WHAT TO PRODUCE -
Take the lines below between the one holding "Boy Baptism Blommigt" and the one holding "Facom 86H.JE7A on", inclusive, and copy them exactly. Add nothing.

PROVIDED DATA -
-- -- --
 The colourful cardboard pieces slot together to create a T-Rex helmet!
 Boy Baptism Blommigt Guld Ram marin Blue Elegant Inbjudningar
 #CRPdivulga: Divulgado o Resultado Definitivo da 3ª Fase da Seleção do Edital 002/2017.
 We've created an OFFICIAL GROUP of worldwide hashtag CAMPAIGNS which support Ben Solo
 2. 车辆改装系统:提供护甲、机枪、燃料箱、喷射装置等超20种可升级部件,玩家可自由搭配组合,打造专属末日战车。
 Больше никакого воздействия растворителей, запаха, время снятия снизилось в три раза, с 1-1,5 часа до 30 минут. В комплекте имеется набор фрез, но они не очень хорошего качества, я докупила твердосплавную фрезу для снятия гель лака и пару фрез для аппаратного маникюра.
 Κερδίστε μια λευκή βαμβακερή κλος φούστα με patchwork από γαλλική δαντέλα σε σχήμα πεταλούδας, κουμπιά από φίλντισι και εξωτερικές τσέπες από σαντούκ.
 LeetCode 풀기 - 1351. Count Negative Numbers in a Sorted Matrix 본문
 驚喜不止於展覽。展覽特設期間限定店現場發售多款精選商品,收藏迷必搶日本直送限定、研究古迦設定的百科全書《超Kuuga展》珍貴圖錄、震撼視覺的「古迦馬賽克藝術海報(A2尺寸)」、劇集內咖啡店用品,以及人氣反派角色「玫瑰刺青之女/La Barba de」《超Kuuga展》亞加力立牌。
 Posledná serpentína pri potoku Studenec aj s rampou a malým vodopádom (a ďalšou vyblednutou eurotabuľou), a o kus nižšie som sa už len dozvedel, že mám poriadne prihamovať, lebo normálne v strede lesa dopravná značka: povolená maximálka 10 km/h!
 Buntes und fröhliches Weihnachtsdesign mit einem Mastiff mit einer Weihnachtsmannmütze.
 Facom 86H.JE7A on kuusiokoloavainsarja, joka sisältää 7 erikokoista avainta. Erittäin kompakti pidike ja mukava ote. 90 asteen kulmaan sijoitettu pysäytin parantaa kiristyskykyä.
-- -- --
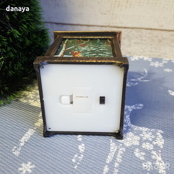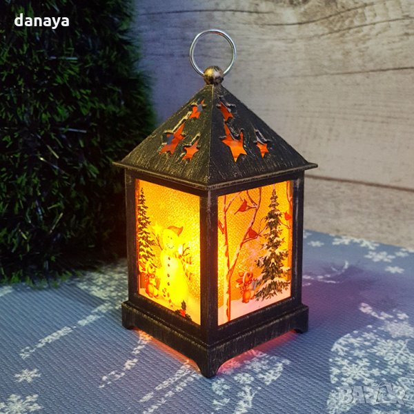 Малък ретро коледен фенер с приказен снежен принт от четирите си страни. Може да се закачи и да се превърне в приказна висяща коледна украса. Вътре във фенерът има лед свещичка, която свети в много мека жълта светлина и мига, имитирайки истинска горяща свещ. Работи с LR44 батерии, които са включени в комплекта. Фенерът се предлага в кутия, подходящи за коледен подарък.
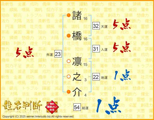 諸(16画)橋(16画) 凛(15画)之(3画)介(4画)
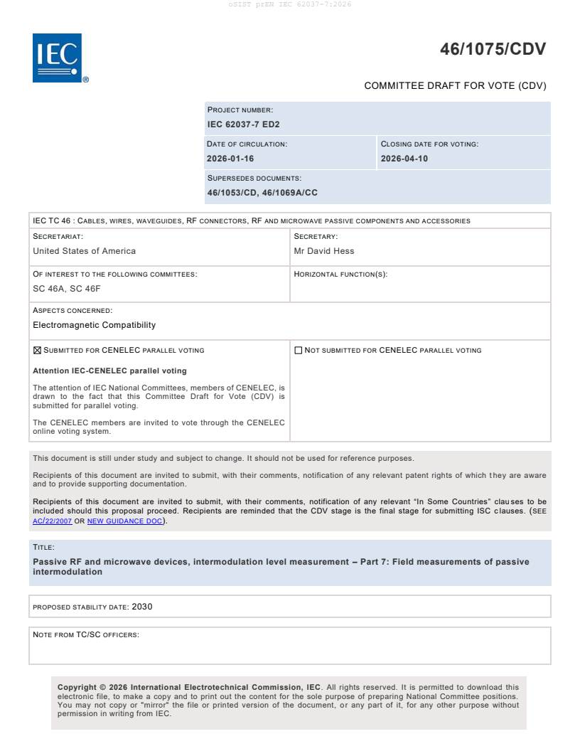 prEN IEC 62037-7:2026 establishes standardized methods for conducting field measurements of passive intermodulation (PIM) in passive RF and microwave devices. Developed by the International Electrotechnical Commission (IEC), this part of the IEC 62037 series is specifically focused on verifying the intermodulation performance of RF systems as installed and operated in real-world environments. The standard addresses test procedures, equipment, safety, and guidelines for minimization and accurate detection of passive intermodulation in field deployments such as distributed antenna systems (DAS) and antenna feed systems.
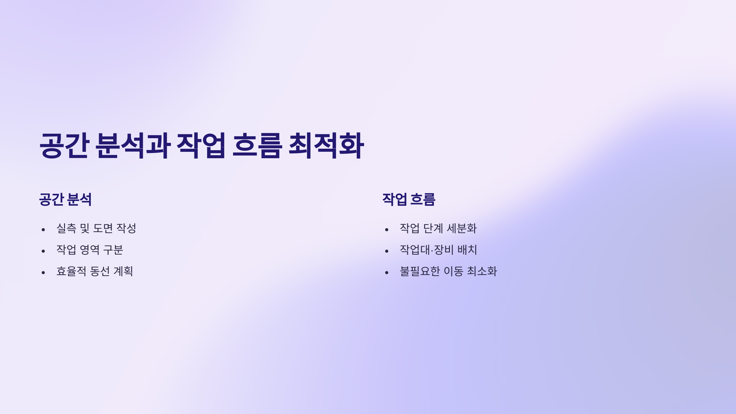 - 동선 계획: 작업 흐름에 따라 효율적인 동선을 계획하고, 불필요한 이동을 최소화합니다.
-- -- --
TASK OUTPUT -
 Boy Baptism Blommigt Guld Ram marin Blue Elegant Inbjudningar
 #CRPdivulga: Divulgado o Resultado Definitivo da 3ª Fase da Seleção do Edital 002/2017.
 We've created an OFFICIAL GROUP of worldwide hashtag CAMPAIGNS which support Ben Solo
 2. 车辆改装系统:提供护甲、机枪、燃料箱、喷射装置等超20种可升级部件,玩家可自由搭配组合,打造专属末日战车。
 Больше никакого воздействия растворителей, запаха, время снятия снизилось в три раза, с 1-1,5 часа до 30 минут. В комплекте имеется набор фрез, но они не очень хорошего качества, я докупила твердосплавную фрезу для снятия гель лака и пару фрез для аппаратного маникюра.
 Κερδίστε μια λευκή βαμβακερή κλος φούστα με patchwork από γαλλική δαντέλα σε σχήμα πεταλούδας, κουμπιά από φίλντισι και εξωτερικές τσέπες από σαντούκ.
 LeetCode 풀기 - 1351. Count Negative Numbers in a Sorted Matrix 본문
 驚喜不止於展覽。展覽特設期間限定店現場發售多款精選商品,收藏迷必搶日本直送限定、研究古迦設定的百科全書《超Kuuga展》珍貴圖錄、震撼視覺的「古迦馬賽克藝術海報(A2尺寸)」、劇集內咖啡店用品,以及人氣反派角色「玫瑰刺青之女/La Barba de」《超Kuuga展》亞加力立牌。
 Posledná serpentína pri potoku Studenec aj s rampou a malým vodopádom (a ďalšou vyblednutou eurotabuľou), a o kus nižšie som sa už len dozvedel, že mám poriadne prihamovať, lebo normálne v strede lesa dopravná značka: povolená maximálka 10 km/h!
 Buntes und fröhliches Weihnachtsdesign mit einem Mastiff mit einer Weihnachtsmannmütze.
 Facom 86H.JE7A on kuusiokoloavainsarja, joka sisältää 7 erikokoista avainta. Erittäin kompakti pidike ja mukava ote. 90 asteen kulmaan sijoitettu pysäytin parantaa kiristyskykyä.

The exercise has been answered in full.